The following socialization assessment model was adapted from a study published in Animals, an international peer-reviewed open access journal. To read more about this study, visit alleycat.org/Research.
Examples of tests for socialized cat behaviors include:
Greeting without opening the cage. Immediately or over time, a socialized cat may approach the greeter, stay where they are with relaxed posture, or vocalize (meow) in response. An unsocialized cat will consistently move away from the greeter, watch the greeter carefully, have tense posture, or hiss or growl.
Putting a hand on the cage door or cracking the door open. A socialized cat may eventually approach the staff member, or at least be less guarded, having a relaxed posture and ears up. An unsocialized cat will not approach and may shy away, may hiss or growl, and will watch the staff member closely.
Introducing toys and play. Socialized cats will pay attention to the toys and play with them, showing they can relax and have fun in the presence of a person. An unsocialized cat may not play and is more likely to just keep wary eyes on the staff member.
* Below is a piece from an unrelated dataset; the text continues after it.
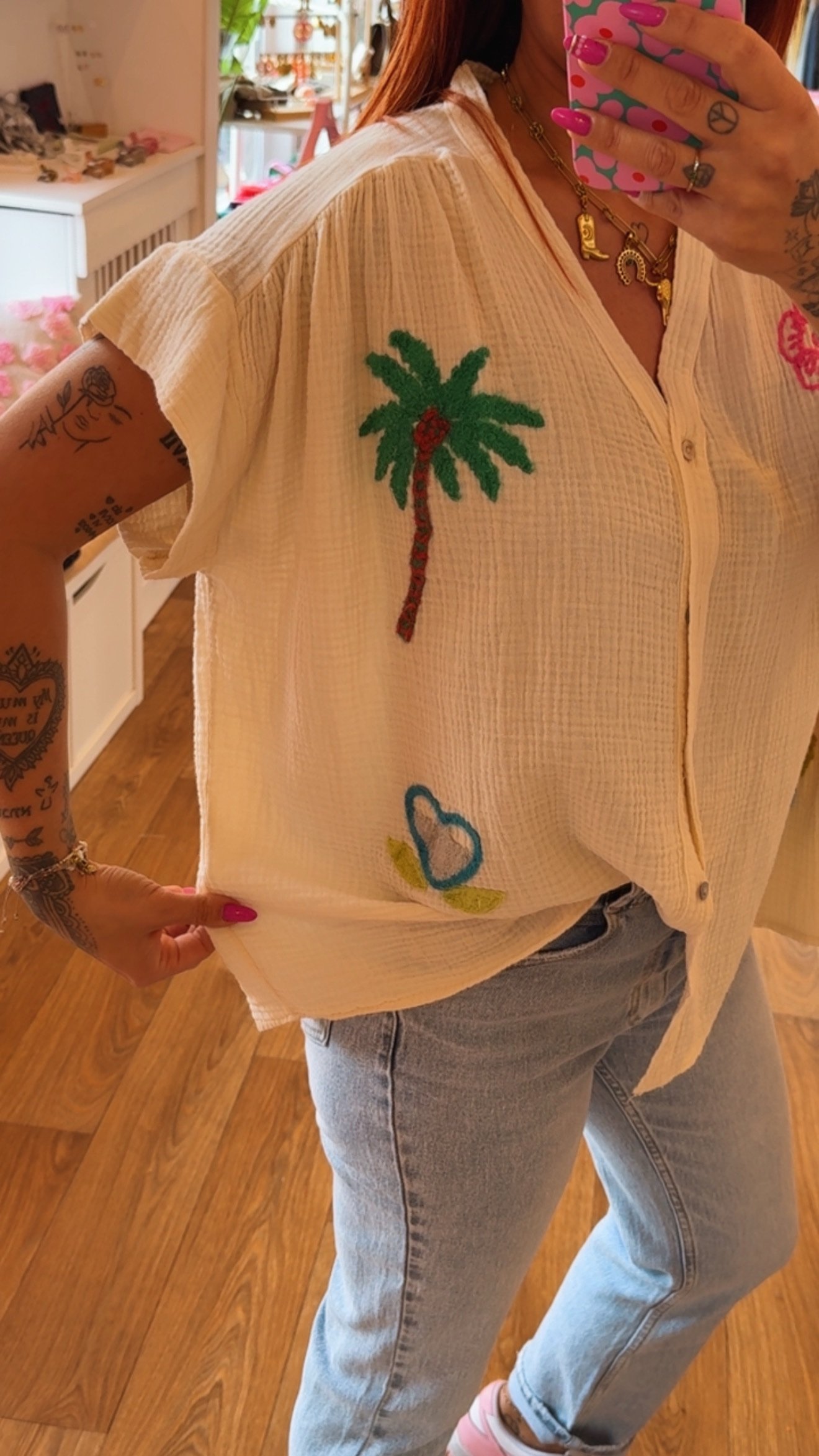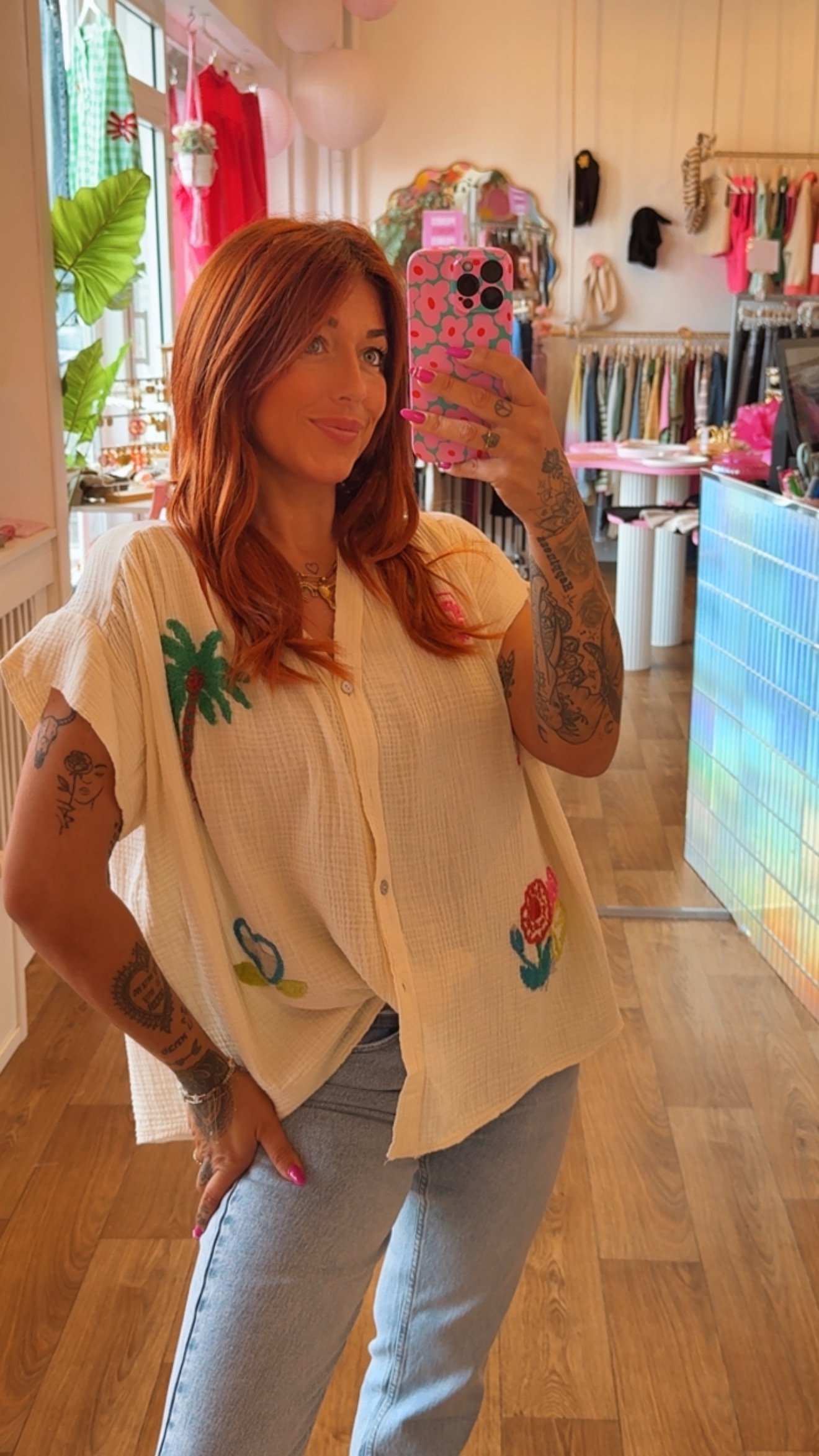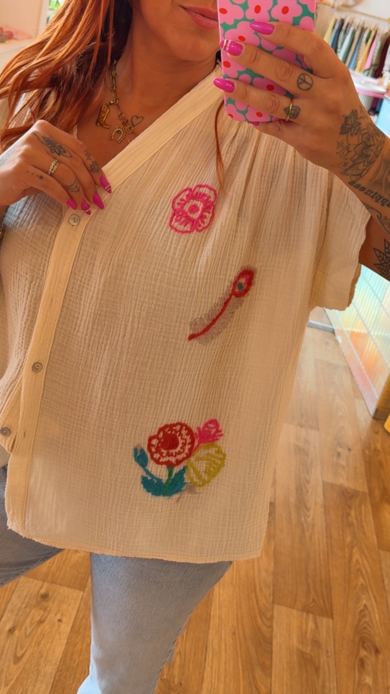 BLOUSE BRODERIE FLEURIE ECRU

Touching cats with a wand or other tool. Socialized cats may enjoy the touch, sniff at or attempt to play with the wand, or just calmly allow the contact. An unsocialized cat will consistently move away from or stiffen at the touch and may hiss or growl.
After three days of these tests, shelter staff will have a clearer idea of whether a cat is socialized. Then they will know how to proceed to provide the best possible outcome for that cat.
To help more socialized cats get comfortable and show their true colors, shelter professionals can also adopt practices that are soothing and positive for cats. These methods can include enrichment activities like play times with toys to distract a cat from the scary shelter environment. It’s also helpful to appeal to cats’ senses with tactics like spraying calming pheromones.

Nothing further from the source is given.